La questione di legittimità costituzionale
Il Presidente del Consiglio dei ministri ha impugnato gli artt. 1 e 3 della legge reg. Sardegna n. 9 del 2022, in riferimento, tra gli altri, agli artt. 3, 51 e 97 della Costituzione e allo statuto speciale, per violazione del principio di accesso ai pubblici uffici in condizioni di eguaglianza.
La decisione della Corte
La Corte ha dichiarato l’illegittimità costituzionale degli artt. 1 e 3 della legge reg. Sardegna n. 9 del 2022. Ha rilevato che la norma violava il principio di accesso in condizioni di eguaglianza agli uffici pubblici (artt. 3 e 51 Cost.), perché sottoponeva alla stessa disciplina possessori di titoli di valenza oggettivamente diversa, iscrivendo nell’albo regionale sia chi aveva superato il corso-concorso nazionale, sia chi ne era privo. Ha inoltre ricordato che lo Stato aveva già previsto procedure semplificate per fronteggiare le carenze di organico. Le restanti censure sono rimaste assorbite.
Il principio
L’accesso ai pubblici uffici deve avvenire in condizioni di eguaglianza e per concorso. Una Regione non può aprire un canale parallelo che iscriva all’albo dei segretari comunali chi non ha superato il concorso nazionale, equiparando titoli di valore diverso e violando gli artt. 3, 51 e 97 della Costituzione.
Domande e risposte
Chi è il segretario comunale?
È il funzionario di vertice che assiste il Comune nello svolgimento delle attività amministrative e di legalità. Vi si accede tramite concorso nazionale e iscrizione in un apposito albo.
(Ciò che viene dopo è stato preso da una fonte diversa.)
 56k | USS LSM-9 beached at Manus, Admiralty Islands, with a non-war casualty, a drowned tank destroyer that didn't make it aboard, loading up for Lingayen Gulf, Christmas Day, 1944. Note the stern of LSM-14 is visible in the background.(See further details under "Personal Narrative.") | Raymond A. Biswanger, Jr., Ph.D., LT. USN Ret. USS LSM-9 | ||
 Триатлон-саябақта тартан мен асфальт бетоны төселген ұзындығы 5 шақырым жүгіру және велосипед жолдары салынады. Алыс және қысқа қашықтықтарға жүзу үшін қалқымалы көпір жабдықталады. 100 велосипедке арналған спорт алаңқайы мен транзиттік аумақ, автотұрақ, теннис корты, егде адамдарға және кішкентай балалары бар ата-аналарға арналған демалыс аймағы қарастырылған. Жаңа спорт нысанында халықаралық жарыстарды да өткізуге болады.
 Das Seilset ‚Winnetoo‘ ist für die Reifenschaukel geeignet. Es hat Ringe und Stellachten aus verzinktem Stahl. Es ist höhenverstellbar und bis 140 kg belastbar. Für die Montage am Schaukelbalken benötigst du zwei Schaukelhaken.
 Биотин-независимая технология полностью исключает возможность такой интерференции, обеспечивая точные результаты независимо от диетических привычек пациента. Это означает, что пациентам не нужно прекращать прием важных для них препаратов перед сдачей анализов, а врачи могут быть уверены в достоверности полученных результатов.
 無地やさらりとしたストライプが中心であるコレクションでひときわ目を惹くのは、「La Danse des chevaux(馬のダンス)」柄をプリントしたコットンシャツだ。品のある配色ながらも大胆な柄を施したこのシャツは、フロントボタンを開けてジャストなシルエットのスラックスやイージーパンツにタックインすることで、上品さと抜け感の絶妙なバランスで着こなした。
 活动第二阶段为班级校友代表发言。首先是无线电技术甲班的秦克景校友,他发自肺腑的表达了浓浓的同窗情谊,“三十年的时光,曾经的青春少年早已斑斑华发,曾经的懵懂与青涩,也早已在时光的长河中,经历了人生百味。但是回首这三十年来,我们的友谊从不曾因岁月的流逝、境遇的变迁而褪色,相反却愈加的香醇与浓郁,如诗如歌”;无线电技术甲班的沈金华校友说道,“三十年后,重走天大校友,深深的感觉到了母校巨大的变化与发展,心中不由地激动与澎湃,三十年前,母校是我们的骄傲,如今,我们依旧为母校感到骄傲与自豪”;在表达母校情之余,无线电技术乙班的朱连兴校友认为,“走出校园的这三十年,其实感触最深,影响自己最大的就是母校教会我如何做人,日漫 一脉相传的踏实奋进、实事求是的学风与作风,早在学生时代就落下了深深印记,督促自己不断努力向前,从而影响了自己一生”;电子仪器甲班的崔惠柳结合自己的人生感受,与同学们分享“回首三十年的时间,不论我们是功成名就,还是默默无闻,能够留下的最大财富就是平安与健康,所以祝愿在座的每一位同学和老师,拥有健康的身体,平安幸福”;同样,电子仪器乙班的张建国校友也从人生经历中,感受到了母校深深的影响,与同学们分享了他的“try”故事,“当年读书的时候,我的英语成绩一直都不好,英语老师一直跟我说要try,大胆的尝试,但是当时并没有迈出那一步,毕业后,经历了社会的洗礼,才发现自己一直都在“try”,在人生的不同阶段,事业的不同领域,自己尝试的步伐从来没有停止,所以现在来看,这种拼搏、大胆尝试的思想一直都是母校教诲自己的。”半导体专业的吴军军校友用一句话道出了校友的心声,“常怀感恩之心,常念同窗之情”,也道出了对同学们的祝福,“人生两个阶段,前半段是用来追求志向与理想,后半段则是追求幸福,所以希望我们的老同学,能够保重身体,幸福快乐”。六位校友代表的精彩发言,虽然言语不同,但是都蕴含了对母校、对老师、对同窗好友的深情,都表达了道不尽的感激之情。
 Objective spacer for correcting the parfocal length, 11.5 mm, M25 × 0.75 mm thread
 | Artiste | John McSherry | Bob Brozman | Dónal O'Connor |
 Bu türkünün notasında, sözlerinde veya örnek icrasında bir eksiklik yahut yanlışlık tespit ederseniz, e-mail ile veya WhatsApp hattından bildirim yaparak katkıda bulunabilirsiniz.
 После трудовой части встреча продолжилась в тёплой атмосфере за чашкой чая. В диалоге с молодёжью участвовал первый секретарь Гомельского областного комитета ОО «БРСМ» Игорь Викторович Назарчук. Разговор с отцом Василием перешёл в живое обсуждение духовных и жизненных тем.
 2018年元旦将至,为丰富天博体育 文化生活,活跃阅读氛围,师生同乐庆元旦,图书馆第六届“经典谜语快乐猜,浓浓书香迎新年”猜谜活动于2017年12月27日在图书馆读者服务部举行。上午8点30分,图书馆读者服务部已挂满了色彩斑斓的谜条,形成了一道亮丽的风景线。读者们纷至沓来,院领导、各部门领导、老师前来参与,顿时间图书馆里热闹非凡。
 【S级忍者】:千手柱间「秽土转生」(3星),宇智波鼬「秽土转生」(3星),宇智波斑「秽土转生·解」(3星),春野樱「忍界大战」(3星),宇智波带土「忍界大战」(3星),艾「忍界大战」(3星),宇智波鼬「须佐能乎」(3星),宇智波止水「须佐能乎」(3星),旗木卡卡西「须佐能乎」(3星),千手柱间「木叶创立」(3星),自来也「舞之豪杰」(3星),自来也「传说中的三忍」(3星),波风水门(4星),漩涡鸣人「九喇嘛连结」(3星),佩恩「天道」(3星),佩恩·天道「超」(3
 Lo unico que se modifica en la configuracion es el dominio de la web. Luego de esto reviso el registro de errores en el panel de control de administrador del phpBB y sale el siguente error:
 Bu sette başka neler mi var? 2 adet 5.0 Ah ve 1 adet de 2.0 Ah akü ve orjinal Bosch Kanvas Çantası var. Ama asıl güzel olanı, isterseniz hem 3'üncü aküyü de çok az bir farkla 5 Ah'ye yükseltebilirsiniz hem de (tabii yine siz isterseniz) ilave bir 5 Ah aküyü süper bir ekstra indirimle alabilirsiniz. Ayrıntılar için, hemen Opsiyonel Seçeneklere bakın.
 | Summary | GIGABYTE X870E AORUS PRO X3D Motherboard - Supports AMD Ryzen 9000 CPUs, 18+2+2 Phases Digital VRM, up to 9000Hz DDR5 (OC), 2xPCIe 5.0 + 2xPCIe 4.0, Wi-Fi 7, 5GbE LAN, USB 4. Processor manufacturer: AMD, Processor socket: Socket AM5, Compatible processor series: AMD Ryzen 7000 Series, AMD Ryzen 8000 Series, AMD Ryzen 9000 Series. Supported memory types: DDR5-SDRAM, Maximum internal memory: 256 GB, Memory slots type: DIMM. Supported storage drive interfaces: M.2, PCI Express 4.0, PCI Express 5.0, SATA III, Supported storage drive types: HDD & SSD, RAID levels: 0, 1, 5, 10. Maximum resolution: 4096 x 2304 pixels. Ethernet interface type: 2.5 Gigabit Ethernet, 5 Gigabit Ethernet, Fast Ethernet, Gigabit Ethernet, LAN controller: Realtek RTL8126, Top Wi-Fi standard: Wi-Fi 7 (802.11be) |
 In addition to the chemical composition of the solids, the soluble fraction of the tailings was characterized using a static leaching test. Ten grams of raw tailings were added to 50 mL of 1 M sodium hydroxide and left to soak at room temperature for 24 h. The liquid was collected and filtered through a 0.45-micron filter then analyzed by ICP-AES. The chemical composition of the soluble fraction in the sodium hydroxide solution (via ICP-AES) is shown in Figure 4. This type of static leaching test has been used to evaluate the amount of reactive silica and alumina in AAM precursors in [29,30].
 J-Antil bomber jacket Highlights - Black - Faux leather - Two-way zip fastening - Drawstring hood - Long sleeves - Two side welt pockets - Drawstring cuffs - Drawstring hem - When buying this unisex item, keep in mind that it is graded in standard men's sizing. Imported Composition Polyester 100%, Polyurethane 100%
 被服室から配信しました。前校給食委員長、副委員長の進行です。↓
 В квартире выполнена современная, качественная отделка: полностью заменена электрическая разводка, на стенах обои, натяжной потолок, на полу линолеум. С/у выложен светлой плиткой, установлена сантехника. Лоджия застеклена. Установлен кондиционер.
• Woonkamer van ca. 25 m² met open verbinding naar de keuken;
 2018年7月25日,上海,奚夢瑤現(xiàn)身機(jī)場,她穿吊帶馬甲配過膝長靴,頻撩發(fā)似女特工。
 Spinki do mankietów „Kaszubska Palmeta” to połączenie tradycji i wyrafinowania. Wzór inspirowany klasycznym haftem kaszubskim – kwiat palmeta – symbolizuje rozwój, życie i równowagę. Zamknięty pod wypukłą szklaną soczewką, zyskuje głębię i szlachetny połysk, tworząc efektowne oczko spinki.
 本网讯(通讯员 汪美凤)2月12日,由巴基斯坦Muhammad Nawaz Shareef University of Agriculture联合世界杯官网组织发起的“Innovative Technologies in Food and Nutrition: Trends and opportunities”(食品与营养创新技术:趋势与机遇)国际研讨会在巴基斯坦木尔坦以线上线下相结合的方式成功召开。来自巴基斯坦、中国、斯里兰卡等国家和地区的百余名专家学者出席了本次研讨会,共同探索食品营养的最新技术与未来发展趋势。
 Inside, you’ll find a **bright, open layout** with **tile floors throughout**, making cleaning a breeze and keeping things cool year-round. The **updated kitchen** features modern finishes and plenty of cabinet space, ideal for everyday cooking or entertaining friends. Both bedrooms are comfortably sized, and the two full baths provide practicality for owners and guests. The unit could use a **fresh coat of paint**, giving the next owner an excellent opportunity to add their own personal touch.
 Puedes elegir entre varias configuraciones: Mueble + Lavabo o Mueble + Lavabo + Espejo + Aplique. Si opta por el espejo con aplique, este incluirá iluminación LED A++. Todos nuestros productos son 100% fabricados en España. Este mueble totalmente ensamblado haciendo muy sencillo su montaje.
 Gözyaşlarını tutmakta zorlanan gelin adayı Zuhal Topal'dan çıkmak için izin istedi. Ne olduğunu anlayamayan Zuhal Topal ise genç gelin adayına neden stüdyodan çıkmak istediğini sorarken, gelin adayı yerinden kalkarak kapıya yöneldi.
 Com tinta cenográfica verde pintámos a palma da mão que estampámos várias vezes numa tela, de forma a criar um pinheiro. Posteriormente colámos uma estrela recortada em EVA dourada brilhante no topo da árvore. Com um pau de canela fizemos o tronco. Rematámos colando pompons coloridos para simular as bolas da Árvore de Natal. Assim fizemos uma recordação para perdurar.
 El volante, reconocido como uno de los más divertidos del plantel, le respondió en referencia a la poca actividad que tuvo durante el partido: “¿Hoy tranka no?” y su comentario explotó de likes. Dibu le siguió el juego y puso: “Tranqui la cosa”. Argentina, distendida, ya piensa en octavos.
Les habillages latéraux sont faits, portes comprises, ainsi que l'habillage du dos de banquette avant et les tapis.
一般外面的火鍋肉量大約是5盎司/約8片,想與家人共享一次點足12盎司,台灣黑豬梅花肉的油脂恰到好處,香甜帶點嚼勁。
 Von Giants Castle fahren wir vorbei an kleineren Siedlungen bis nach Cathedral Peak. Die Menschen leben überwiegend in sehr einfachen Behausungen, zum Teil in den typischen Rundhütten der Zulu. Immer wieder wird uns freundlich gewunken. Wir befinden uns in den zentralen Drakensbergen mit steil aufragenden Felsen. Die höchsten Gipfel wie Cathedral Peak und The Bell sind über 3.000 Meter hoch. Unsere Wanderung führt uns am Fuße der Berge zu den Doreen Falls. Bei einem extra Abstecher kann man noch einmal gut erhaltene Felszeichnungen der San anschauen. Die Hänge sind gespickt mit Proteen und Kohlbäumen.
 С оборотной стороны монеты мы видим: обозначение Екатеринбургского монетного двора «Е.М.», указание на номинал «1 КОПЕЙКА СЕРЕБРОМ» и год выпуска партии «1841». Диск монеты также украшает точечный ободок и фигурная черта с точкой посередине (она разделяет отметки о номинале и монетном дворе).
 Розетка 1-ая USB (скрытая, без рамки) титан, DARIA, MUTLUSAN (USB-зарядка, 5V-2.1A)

Perché la norma sarda è stata annullata?
Perché iscriveva all’albo regionale anche chi non aveva superato il concorso nazionale, creando una disparità tra titoli di valore diverso e un canale di reclutamento parallelo non consentito.
Cosa dice l’art. 51 della Costituzione?
Garantisce a tutti i cittadini l’accesso ai pubblici uffici e alle cariche elettive in condizioni di eguaglianza, secondo i requisiti stabiliti dalla legge.
Come si possono allora coprire le carenze di organico?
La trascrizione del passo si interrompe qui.